Return nothing but the lines from the one containing "该项目相关负责人介绍,该桥线" through the end of the records below, exactly as they stand and without pictures.

[Dataset excerpts]
= = =

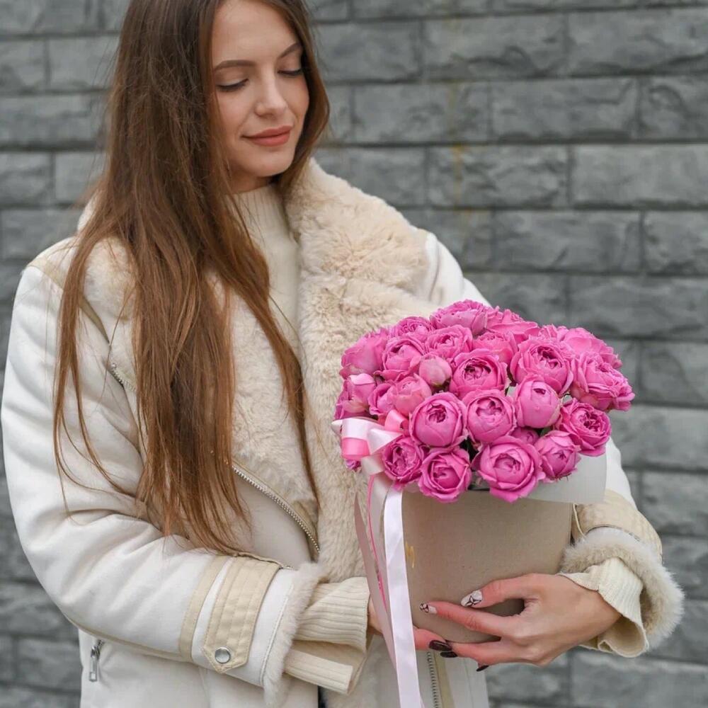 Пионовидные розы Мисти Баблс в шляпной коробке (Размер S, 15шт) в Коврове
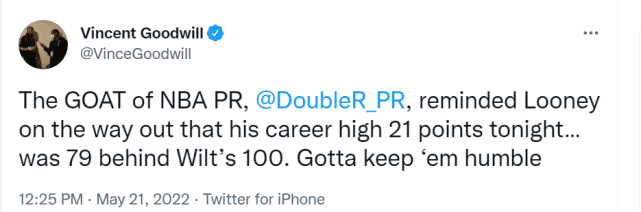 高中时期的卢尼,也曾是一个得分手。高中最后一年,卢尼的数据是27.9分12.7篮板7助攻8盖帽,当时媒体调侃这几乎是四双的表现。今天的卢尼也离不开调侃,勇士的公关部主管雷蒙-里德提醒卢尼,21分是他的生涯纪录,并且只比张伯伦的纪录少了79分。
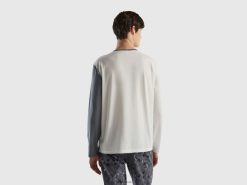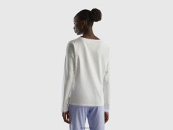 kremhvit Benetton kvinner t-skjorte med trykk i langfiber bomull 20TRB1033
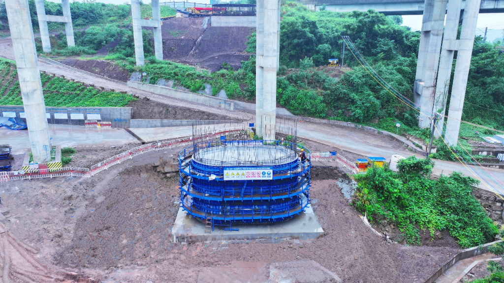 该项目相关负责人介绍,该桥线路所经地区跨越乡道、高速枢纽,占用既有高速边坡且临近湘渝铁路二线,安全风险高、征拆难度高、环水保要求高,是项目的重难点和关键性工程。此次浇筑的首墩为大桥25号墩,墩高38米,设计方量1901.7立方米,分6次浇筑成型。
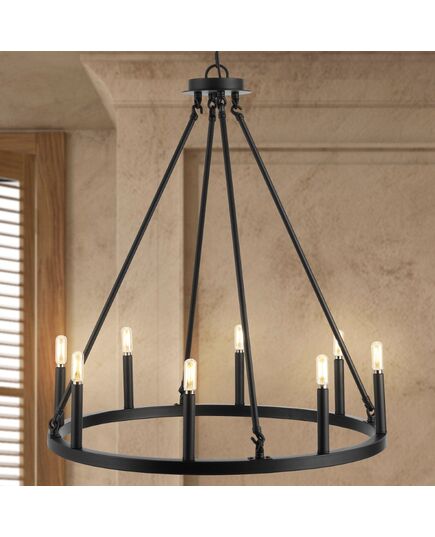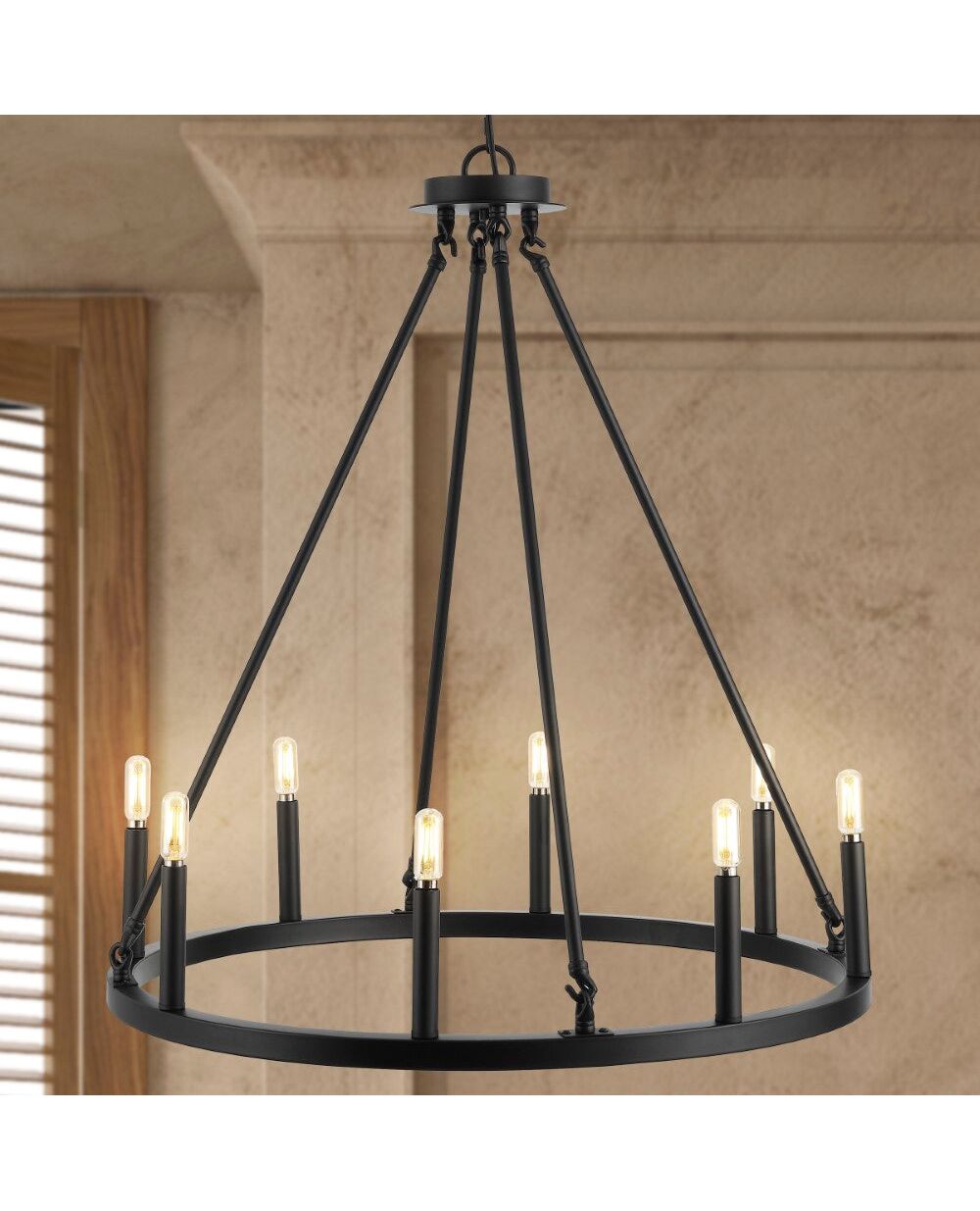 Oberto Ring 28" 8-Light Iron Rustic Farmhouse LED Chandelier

= = =

EXERCISE ANSWER:
 该项目相关负责人介绍,该桥线路所经地区跨越乡道、高速枢纽,占用既有高速边坡且临近湘渝铁路二线,安全风险高、征拆难度高、环水保要求高,是项目的重难点和关键性工程。此次浇筑的首墩为大桥25号墩,墩高38米,设计方量1901.7立方米,分6次浇筑成型。
 Oberto Ring 28" 8-Light Iron Rustic Farmhouse LED Chandelier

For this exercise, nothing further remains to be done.